Uploaded image for project: 'MariaDB Server'
  1. MariaDB Server
  2. MDEV-29445

reorganise innodb buffer pool (and remove buffer pool chunks)

Details

    Description

      copied from MDEV-25341:

      • The buf_pool.free as well as the buffer pool blocks that are backing store for the AHI or lock_sys could be doubly linked with each other via bytes allocated within the page frame itself. We do not need a dummy buf_page_t for such blocks.
      • We could allocate a contiguous virtual address range for the maximum supported size of buffer pool, and let the operating system physically allocate a subset of these addresses.

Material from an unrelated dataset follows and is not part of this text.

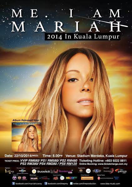 IME Productions is proud to announce ‘ME. I AM MARIAH’ Live in Malaysia 2014. This concert which is supported by Malaysia Major Events, an agency under the Ministry of Tourism & Culture, Malaysia will be kicking off on 22nd October 2014 at 8pm at Stadium Merdeka. After 10 years, Mariah is back on our shores…
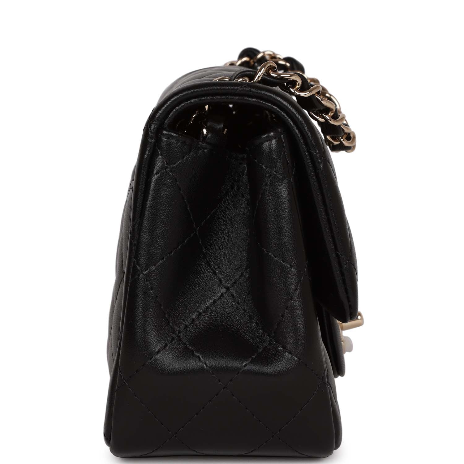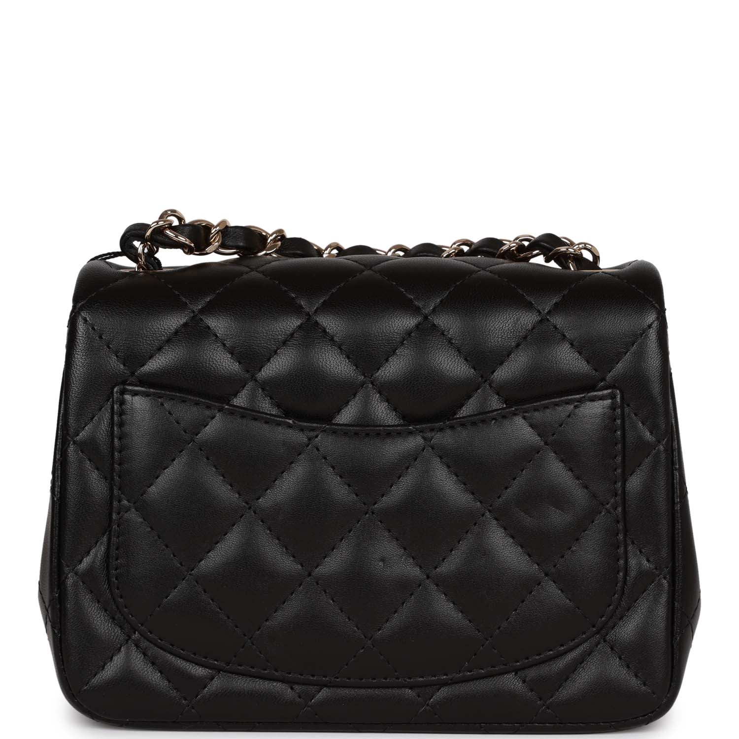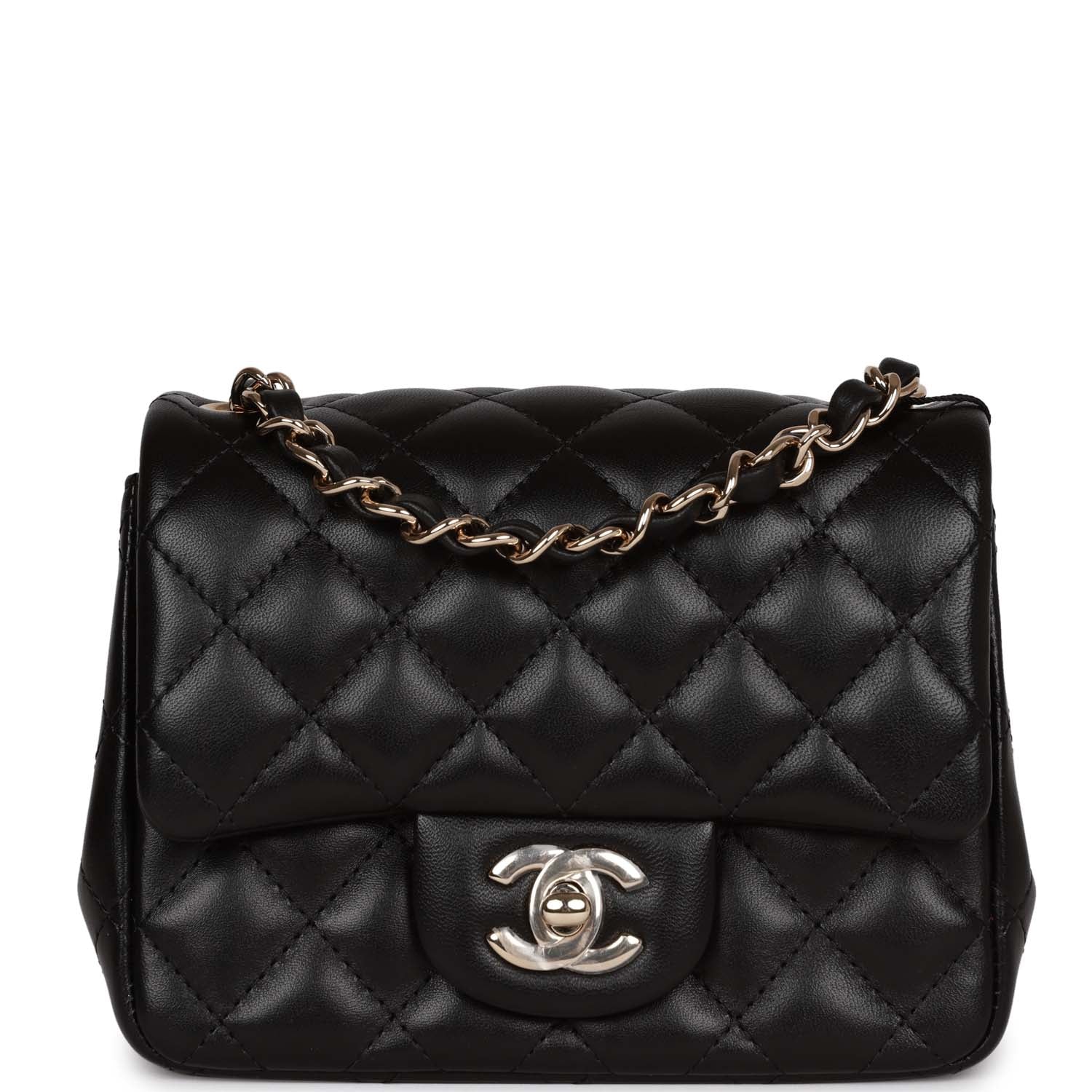 Chanel Mini Square Flap Bag Black Lambskin Light Gold Hardware

The complicated logic of having multiple buffer pool chunks can be removed. On 32-bit architectures, the maximum size could be about 2GiB. On 64-bit architectures, the virtual address bus often is 48 bits (around 256 TiB). Perhaps we could shift some burden to the user and introduce a startup parameter innodb_buffer_pool_size_max.

      Attachments

        Issue Links

          Activity

            I ran a simple performance test on RAM disk on a dual Intel® Xeon® Gold 6230R (26×2 threads per socket), with innodb_buffer_pool_size=5G and innodb_log_file_size=5G:

            sysbench oltp_update_index --tables=100 --table_size=10000 --threads=100 --time=120 --report-interval=5 --max-requests=0 run
            

            Compared to the baseline, I observed a 2% regression in the average throughput. My first suspect would be the lazy initialization of the buffer pool (MDEV-25340), which is part of this change, but I did not analyze it deeper yet.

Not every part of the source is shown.